According to a number of new reports, the U.S. Department of Justice is conducting an antitrust investigation into the nation's four largest wireless carriers, with a focus on AT&T and Verizon as well as the GSMA, about possible collusion over eSIM technology. Specifically, the agency is looking at whether the companies worked together to prevent broad adoption of the technology, which would allow customers to more easily switch carriers.
According to the reports, which cited unnamed sources familiar with the situation, the DOJ started its investigation in February after receiving complaints from at least one device maker and one wireless operator. Bloomberg reported that Apple was one of the companies that issued a complaint on the topic.
The DOJ reportedly looked into the same issue in 2016 but closed the investigation without taking action.
At issue in the investigation is whether the nation’s largest wireless operators are working together to squelch a technology that would allow customers to switch their service provider without having to insert a new SIM card into their existing phone. That’s the promise of eSIM, a technology that has been around for close to a decade.
Interestingly, a Verizon spokesperson acknowledged the new investigation: Verizon's Rich Young told Bloomberg it was a “difference of opinion” with phone manufacturers on a standard for the switching technology. “Any good government inquiry is looked at and ultimately decided on merit,” Young said, according to the pubilcation. “That was the case in 2016 and we are very confident the government will reach the same conclusion this time.”

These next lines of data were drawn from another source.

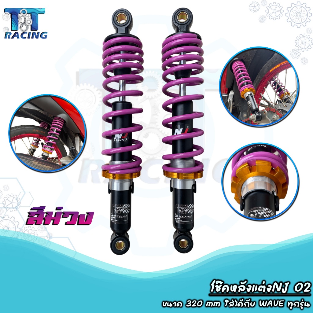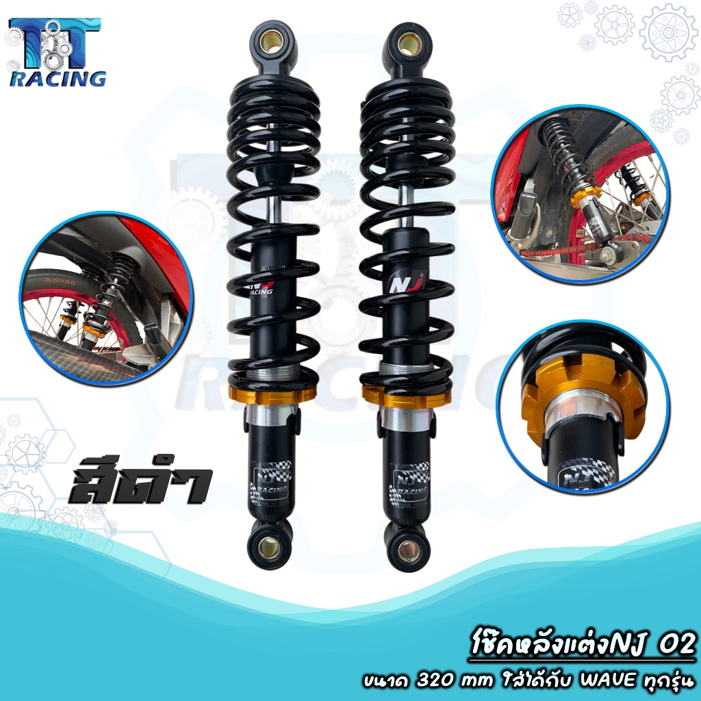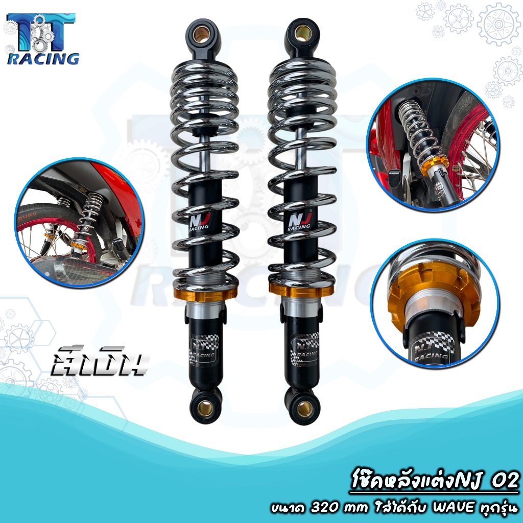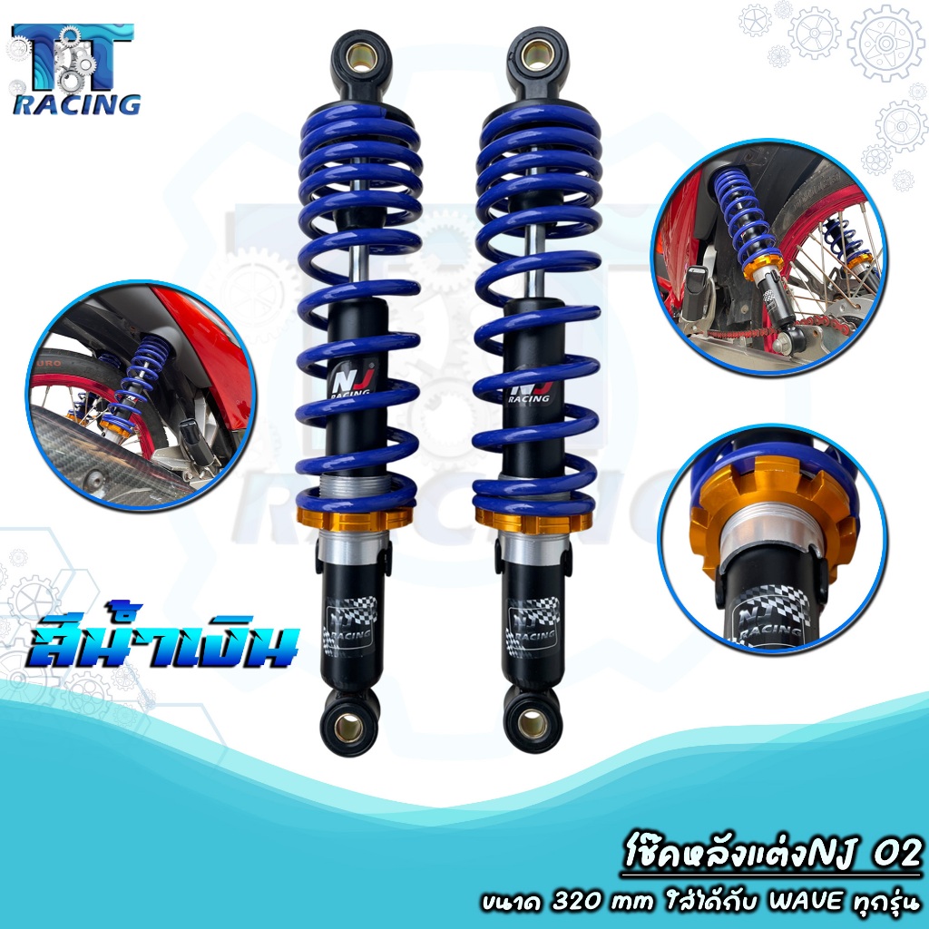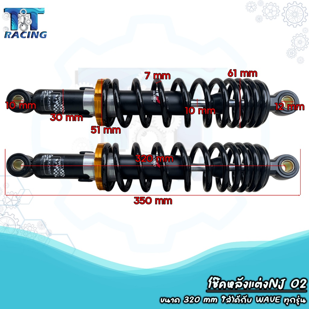 โช๊คหลังแต่ง ยี่ห้อ NJ (รหัส 02) สำหรับ WAVE ใส่ได้ทุกรุ่น ความยาว 320 mm. (ราคาต่อ 1คู่)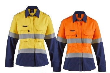 FLAMEBUSTER FSL016 ARCFLASH HRC2 LADIES HI VIS TWO TONE OPEN FRONT SHIRT WITH GUSSET SLEEVES AND FR REFLECTIVE TAPE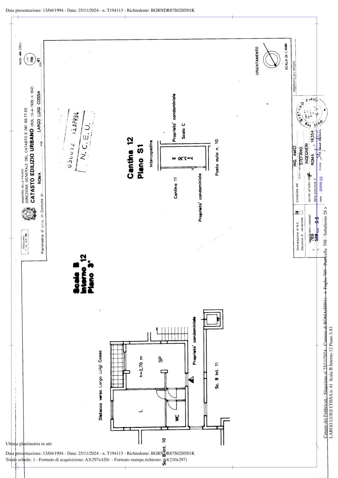| Cantina - piano interrato | 4 Mq | 1 Mqc |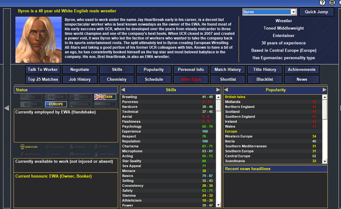 Here's another little story I've been following in my Cverse sim. So EWA which is the top European company is ran by this dude named Byron who's still wrestling in his late 40s and has now booked himself into 10 world title reigns.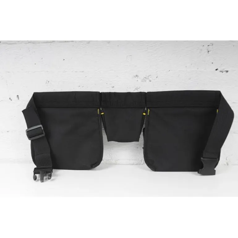 Kaksoistaskullinen työkaluvyö. 600 x 600 denierin kankaasta valmistettu – kestävä ja tukeva. Pidä työkalut lähellä työn aikana. Ergonominen pehmuste selässä parantaa turvallisuutta ja mukavuutta. Kiinteä metallisilmukka vasaralle. Erikokoisia taskuja ja silmukoita parantamaan järjestystä. Taskujen koko ja rakenne tekevät niistä erittäin helppokäyttöiset. Mittanauhatasku helpottaa mittaamista.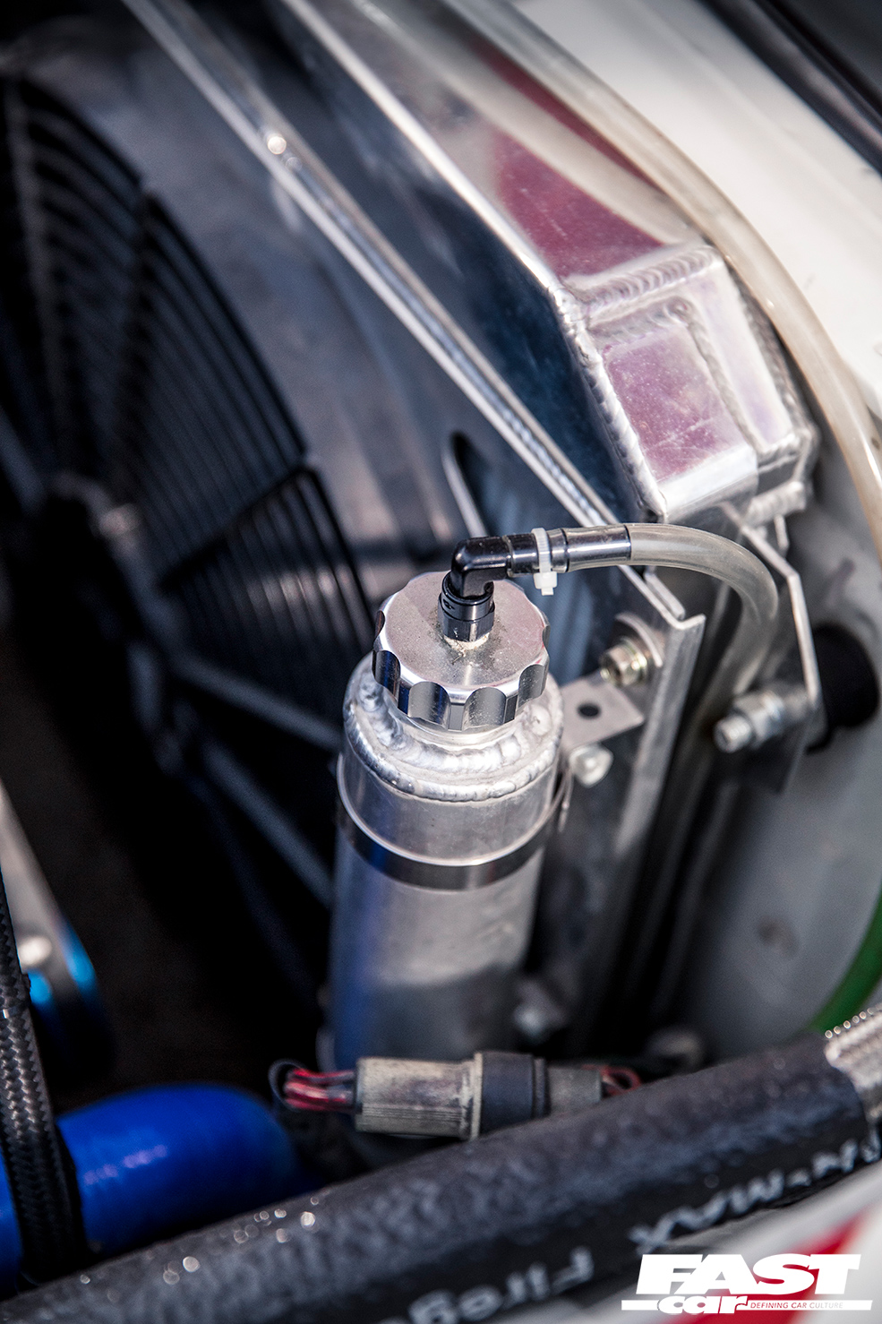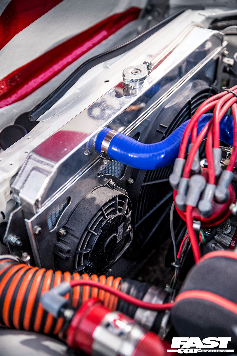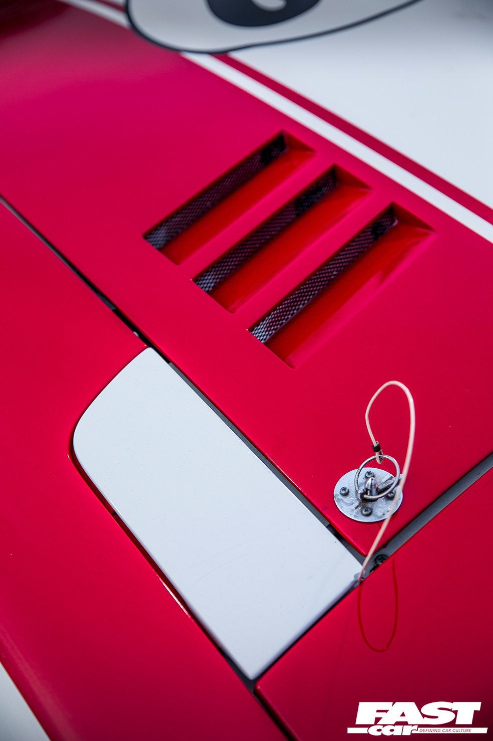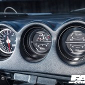 The interior is a real treat for fans of classic race cars, with a pair of gloriously vintage PRE bucket seats stretching subtly crinkled leather around those eyelets that evoke the Ford GT40 or Lamborghini Miura, with bright yellow shells to contrast with the red rollcage. The Fairlady has one of the all-time classic dashboards, its curves making it look as if the gauges are bursting through from within, and Kato-san’s augmented this with a whacking great Pro-Comp rev counter. Why? Because his L28 engine is no ordinary L28 engine…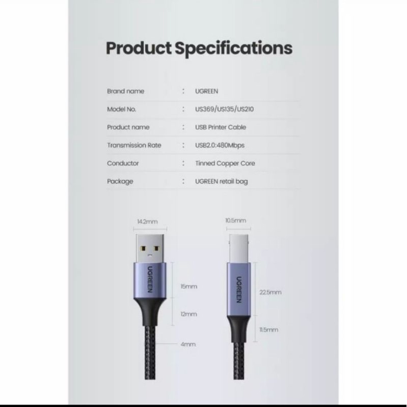 Ugreen Kabel Printer Scanner Usb 2.0 Male to Usb Type B Male - Kabel Printer Ugreen 10351 Kabel Scanner Usb 2.0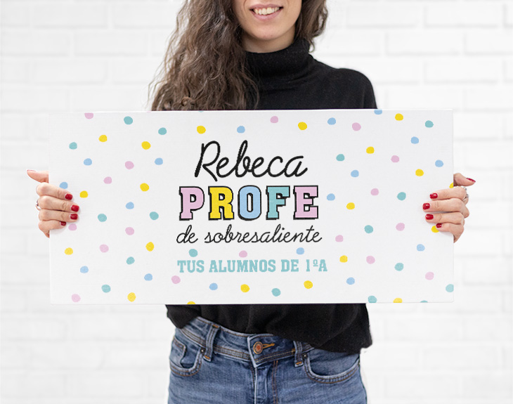 Seguro que durante este curso has estudiado un montón para aprobar todas las asignaturas y sacar muy buenas notas. Pero quien realmente se merece un sobresaliente este curso es... ¡tu profe! Por enseñar de la mejor manera posible su asignatura, por tener toda la paciencia del mundo con sus alumnos y por ser todo un referente, se merece el regalo más dulce del mundo, nuestra tableta gigante personalizada. Por dentro rellena con su chocolate favorito y por fuera con un precioso diseño que le recordará que es un profe sobresaliente para toda su clase. ¡Le encantará! Sorprender a tu profe el último día de curso es muy fácil. Esta original tableta será el regalo perfecto para agradecerle todo su esfuerzo durante este curso, que seguro que ha sido muy grande. Esta súper tableta está formada por una caja de cartón de 58 x 28 centímetros y en su interior, el relleno favorito de vuestro profe. Kinder, Valor, Lindt, Huesitos, Jungly... ¡Hay para todos los gustos! Ya sabemos que lo mejor está en el interior, pero lo que de verdad llama la atención es su exterior. Personalizar esta tableta gigante para tu profe es muy sencillo. Elige el relleno que quieres y añade el producto al carrito. Entra en el área de personalización, escribe el nombre de tu profe y una breve frase en los espacios vacíos y listo. ¡Tu profe tendrá la mejor tableta del mundo! Medidas de la tableta gigante: 58 x 28 centímetros. Elige una opción de relleno: • 28 barritas de Huesitos. • 6 tabletas de Jungly. • 9 tabletas de Nestlé Dolca. • 9 tabletas de Milka (surtido): chocolate, chocolate blanco, Chips Ahoy y Oreo. • 15 paquetes de Kit Kat. • 5 tabletas de Valor (surtido) • 9 tabletas de chocolates Lindt (surtido): Figue Intense, Limón, Miel y Almendras, Caramel, Mango y Almond, Chili, Sésamo y Strawberry Intense.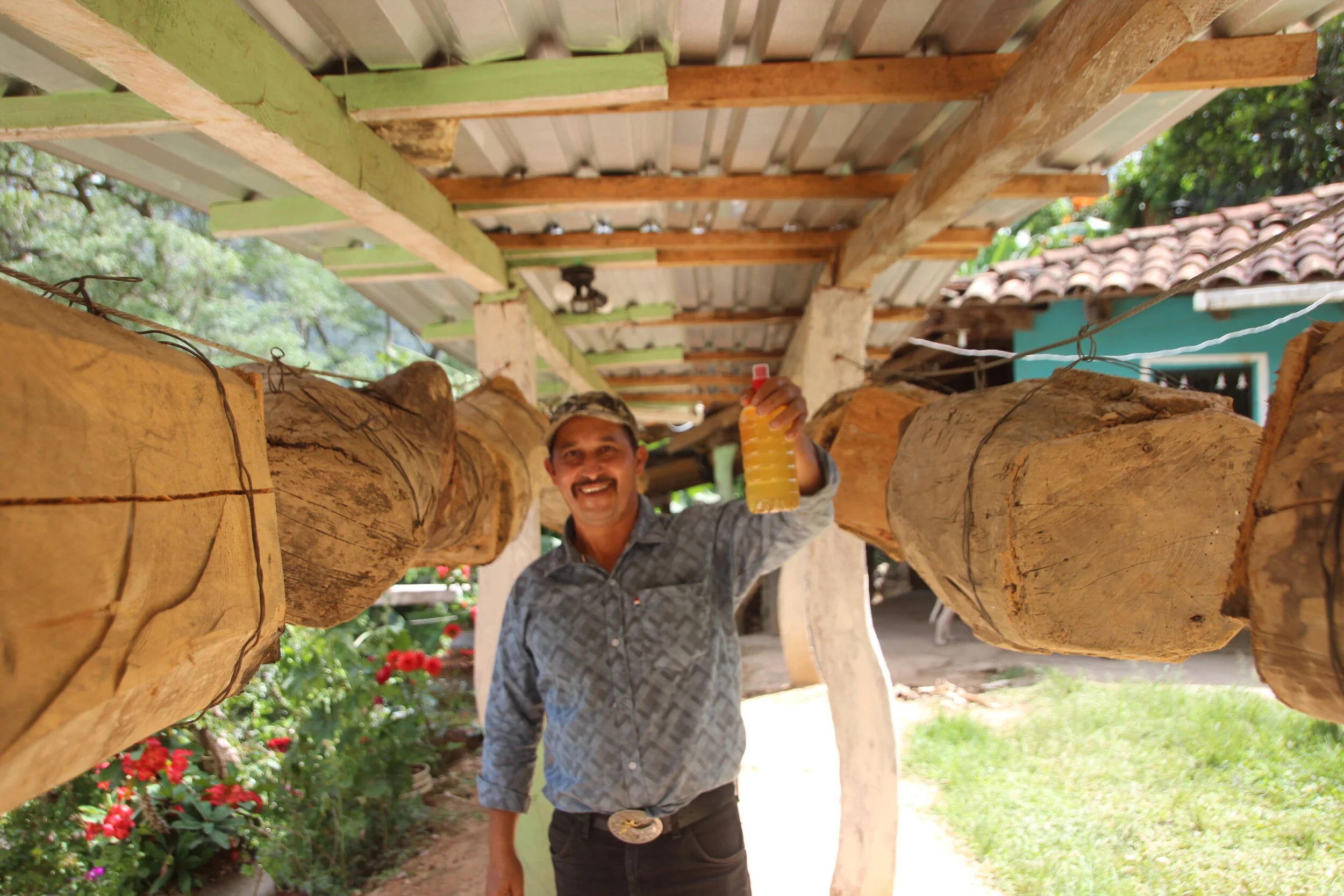 Ahora tenemos 34 colmenas y todas ellas producen miel con gran actividad. Cada colmena tiene entre 4.000 y 5.000 abejas, lo que nos permite producir entre 80 y 100 litros de nuestra miel blanca al año. Toda ella en marzo y abril, por lo que la vendemos frenéticamente durante ese periodo álgido del año, y nos aporta ingresos adicionales. Eso es más que útil porque sólo poseemos unas 1,3 hectáreas de tierra para cultivar café. Eso es apenas suficiente para vivir.

In a statement, the GSMA said it has stopped development of the eSIM standard and is cooperating with the DOJ on the investigation. "This standard contains a wide range of features, including the option for the eSIM to be locked. In the United States, consumers would have this option; however, they would need to explicitly consent to this under specific commercial agreements with their mobile operator, for example when purchasing a subsidised device," the GSMA said.
A number of Wall Street analysts said that it's too early to gauge what effect the investigation might have on the U.S. wireless industry, but J.P. Morgan analyst Philip Cusick warned that it might chill the DOJ's attitude toward a possible merger between Sprint and T-Mobile.
And BTIG's Walter Piecyk offered insights into why Apple might have re-ignited the issue with a complaint to the DOJ about the topic: "Apple appears to have been one of the complaining parties that precipitated the DOJ investigation. Removing the need for a SIM card from an iPhone could provide Apple with additional valuable real estate within the phone as they contemplate new designs. It could also ease the re-purposing of used locked phones from developed into emerging markets," he wrote.
However, Piecyk also noted that eSIM technology could potentially lower Apple's iPhone sales in the U.S. market by encouraging customers to keep their phones for longer periods of time before buying a new device.
To be clear, the issue of easily changing providers via SIM technology has come up before. For example, The Sunday Telegraph reported in 2010 that the world's wireless carriers shot down Apple's plans to create a virtual SIM that would allow wireless customers to pick their service provider after they purchased their iPhone.
Further, the GSMA itself began work on its "embedded" SIM initiative in 2010 with the goal of having commercial products using the technology on the market by 2012.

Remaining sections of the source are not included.